3. Existing contracts get re-evaluated, not just new ones. A buyer consolidating its supplier base for ESG reasons isn’t only screening new vendors — it’s looking at who to keep.
None of this shows up as a dramatic event. It shows up as quietly losing ground to a competitor who had an answer ready when you didn’t.
Why your power mix is the fastest lever you have
Of the nine BRSR Core attributes, energy and GHG emissions are usually the two a manufacturer can move fastest — because for most industrial units, electricity is the single largest controllable input to Scope 1 and Scope 2 emissions. You can’t redesign your supply chain or change your workforce composition overnight. You can change where your power comes from.
This is also where the renewable energy conversation looks different from the “switch to solar and save money” pitch you’ve probably already heard a dozen times. The savings are real and worth having — but for a business answering to a customer’s sustainability audit, the more valuable thing isn’t the rupees saved. It’s the number you can now put on a form, backed by a certificate.
Whether that’s through:
- Open Access power procurement (buying renewable electricity directly from a generator instead of only the grid)
- Group Captive participation (co-owning a renewable asset with other consumers)
- On-site rooftop solar (CAPEX or zero-investment OPEX models)
— each of these comes with documentation: generation certificates, power purchase records, metering data. That paper trail is exactly what an auditor or a customer’s ESG team wants to see. It’s the difference between writing “we’re committed to sustainability” in a tender response and attaching an actual number with proof behind it.

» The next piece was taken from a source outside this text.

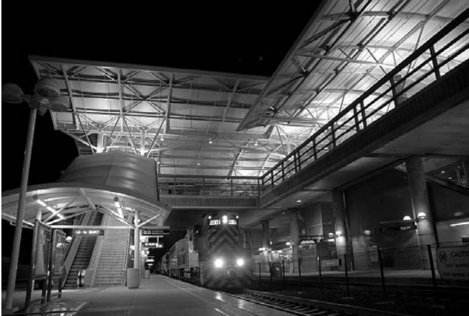
Rolling through the Millbrae CalTrain/BART depot.

equipped cars in the consist. Gail McClure and Eugene Vicknair acted as the ground support crew, rolling the train by at various stops, including the recently opened Millbrae CalTrain/BART depot. The combination of orange and silver power, early 20th century passenger cars and 21st century transit architecture created a truly surreal moment.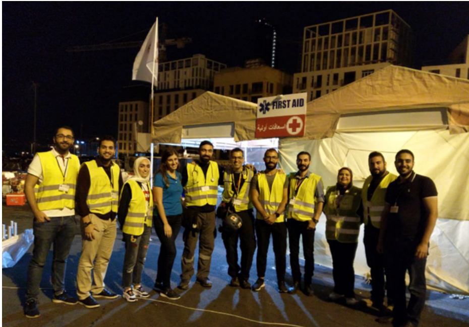
Figure 2 First aid tent with some of the volunteers.

staffing proved challenging and hindered the ability to provide the service on several occasions despite the need created by a flare-up in the protests.

From defensive to advantage
There are two ways to approach this. One is defensive: scramble to get a renewable energy percentage in place right before a customer audit, treating it like a compliance fire drill. The other is to treat it as a genuine differentiator — getting your power mix sorted before it’s asked for, so that when the vendor questionnaire lands, you’re the supplier with a clean answer already on file, while others are still figuring out what Scope 2 even means.
In a market where buyers are actively trying to shrink and “clean up” their supplier base, being the vendor who makes their ESG reporting easier is a quiet but real competitive edge — on top of the electricity savings you’d get anyway.
Where to start
You don’t need to overhaul your entire energy setup to answer this question credibly. Most businesses start with a simple exercise: get an assessment of your current load, your eligibility for Open Access or Group Captive models, and a realistic estimate of what percentage of your consumption you could shift to renewable sources over the next 12–24 months. That number — even a partial one, with documentation — is usually enough to move you from “no answer” to “credible answer” on most vendor forms.
If a customer’s sustainability questionnaire has already landed in your inbox, or you suspect one is coming, the right time to get that number sorted was a few months ago. The next best time is now.